Data shown:

════════════════════

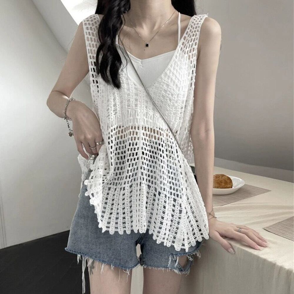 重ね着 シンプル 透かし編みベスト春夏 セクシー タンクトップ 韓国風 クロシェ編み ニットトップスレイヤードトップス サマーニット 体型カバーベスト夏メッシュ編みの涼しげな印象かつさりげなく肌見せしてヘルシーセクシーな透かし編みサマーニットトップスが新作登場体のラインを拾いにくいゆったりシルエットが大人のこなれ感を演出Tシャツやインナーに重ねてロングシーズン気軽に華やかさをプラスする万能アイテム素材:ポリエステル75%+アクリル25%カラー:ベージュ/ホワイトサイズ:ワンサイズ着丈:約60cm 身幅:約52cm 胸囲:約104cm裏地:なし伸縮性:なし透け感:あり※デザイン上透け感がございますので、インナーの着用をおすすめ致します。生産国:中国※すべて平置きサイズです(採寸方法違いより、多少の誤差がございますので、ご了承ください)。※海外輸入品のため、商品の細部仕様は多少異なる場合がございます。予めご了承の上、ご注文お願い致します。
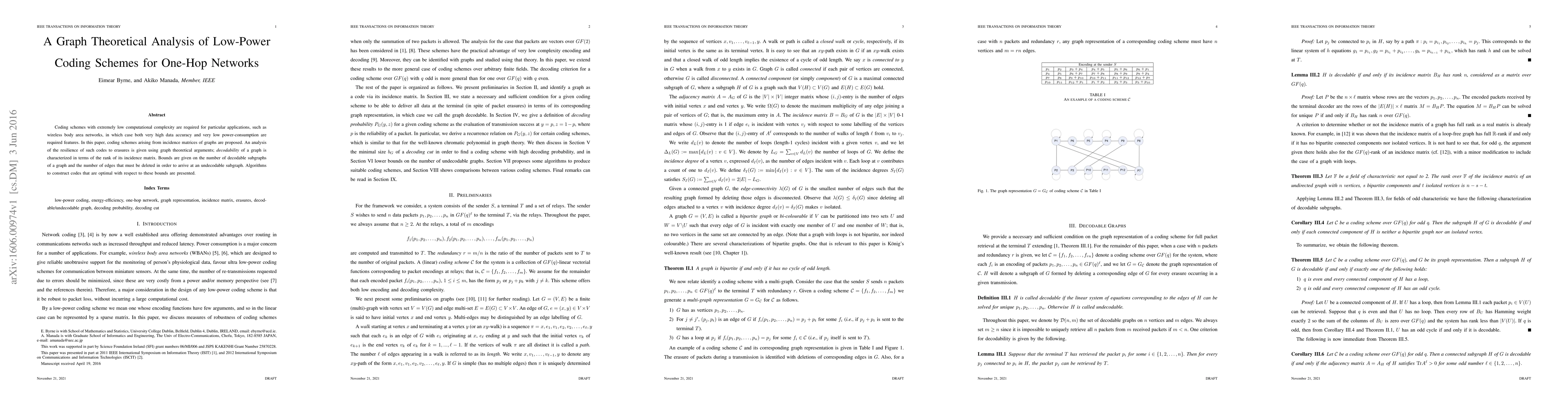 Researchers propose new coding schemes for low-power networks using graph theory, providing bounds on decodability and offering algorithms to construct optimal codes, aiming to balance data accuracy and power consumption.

════════════════════

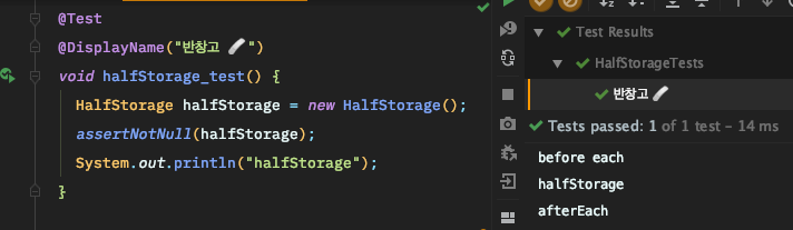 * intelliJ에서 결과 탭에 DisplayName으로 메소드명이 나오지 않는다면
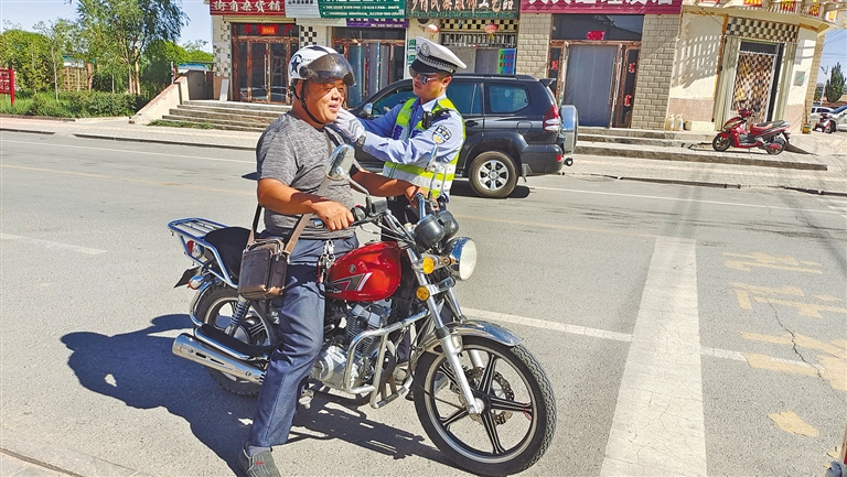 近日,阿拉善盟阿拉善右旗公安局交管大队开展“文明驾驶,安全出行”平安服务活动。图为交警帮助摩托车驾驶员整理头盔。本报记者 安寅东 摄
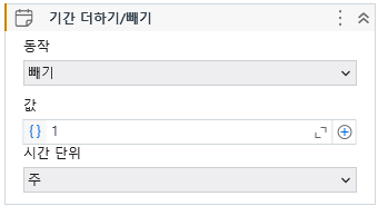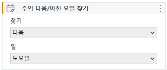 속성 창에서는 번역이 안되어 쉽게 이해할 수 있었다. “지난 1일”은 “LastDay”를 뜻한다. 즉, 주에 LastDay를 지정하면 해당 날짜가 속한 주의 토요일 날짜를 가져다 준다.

════════════════════

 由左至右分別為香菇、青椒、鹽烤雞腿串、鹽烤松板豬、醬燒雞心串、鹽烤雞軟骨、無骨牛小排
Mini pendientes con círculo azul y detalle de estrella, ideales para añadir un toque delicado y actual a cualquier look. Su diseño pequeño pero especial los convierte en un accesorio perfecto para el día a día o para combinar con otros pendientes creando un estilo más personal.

════════════════════

What the task asks: Only the lines of the listing above from the one with "重ね着 シンプル 透かし編みベスト春夏" through the one with "Researchers propose new" should be output, exactly, with both ends kept and pictures left out.

Output for this exercise:
 重ね着 シンプル 透かし編みベスト春夏 セクシー タンクトップ 韓国風 クロシェ編み ニットトップスレイヤードトップス サマーニット 体型カバーベスト夏メッシュ編みの涼しげな印象かつさりげなく肌見せしてヘルシーセクシーな透かし編みサマーニットトップスが新作登場体のラインを拾いにくいゆったりシルエットが大人のこなれ感を演出Tシャツやインナーに重ねてロングシーズン気軽に華やかさをプラスする万能アイテム素材:ポリエステル75%+アクリル25%カラー:ベージュ/ホワイトサイズ:ワンサイズ着丈:約60cm 身幅:約52cm 胸囲:約104cm裏地:なし伸縮性:なし透け感:あり※デザイン上透け感がございますので、インナーの着用をおすすめ致します。生産国:中国※すべて平置きサイズです(採寸方法違いより、多少の誤差がございますので、ご了承ください)。※海外輸入品のため、商品の細部仕様は多少異なる場合がございます。予めご了承の上、ご注文お願い致します。
 Researchers propose new coding schemes for low-power networks using graph theory, providing bounds on decodability and offering algorithms to construct optimal codes, aiming to balance data accuracy and power consumption.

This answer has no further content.